» **Goal of the exercise**
A verbatim copy is needed of the lines below from the one containing "Ein riesiges Grün, wie" up to and including the one containing "OPTION BRAS AIR-O-TUBE", excluding pictures.

» **Task inputs**
==============================

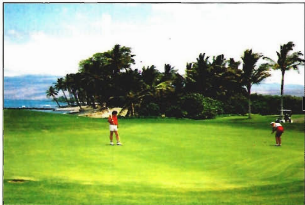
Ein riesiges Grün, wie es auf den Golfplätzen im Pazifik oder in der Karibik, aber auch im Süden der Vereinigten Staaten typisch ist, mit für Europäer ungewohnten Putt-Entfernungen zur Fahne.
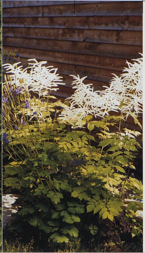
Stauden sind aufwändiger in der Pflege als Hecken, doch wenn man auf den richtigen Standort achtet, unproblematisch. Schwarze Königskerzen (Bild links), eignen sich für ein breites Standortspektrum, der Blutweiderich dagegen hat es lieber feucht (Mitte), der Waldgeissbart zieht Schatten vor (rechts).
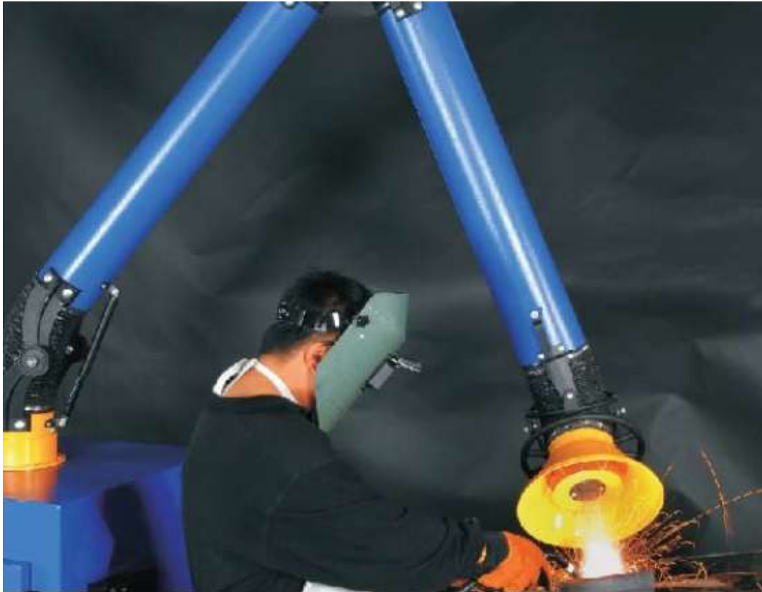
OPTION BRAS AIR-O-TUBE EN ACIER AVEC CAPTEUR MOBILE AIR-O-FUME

==============================

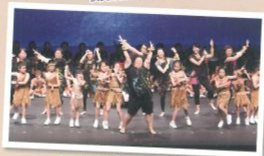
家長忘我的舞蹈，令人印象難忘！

==============================

» **Response**
Ein riesiges Grün, wie es auf den Golfplätzen im Pazifik oder in der Karibik, aber auch im Süden der Vereinigten Staaten typisch ist, mit für Europäer ungewohnten Putt-Entfernungen zur Fahne.
Stauden sind aufwändiger in der Pflege als Hecken, doch wenn man auf den richtigen Standort achtet, unproblematisch. Schwarze Königskerzen (Bild links), eignen sich für ein breites Standortspektrum, der Blutweiderich dagegen hat es lieber feucht (Mitte), der Waldgeissbart zieht Schatten vor (rechts).
OPTION BRAS AIR-O-TUBE EN ACIER AVEC CAPTEUR MOBILE AIR-O-FUME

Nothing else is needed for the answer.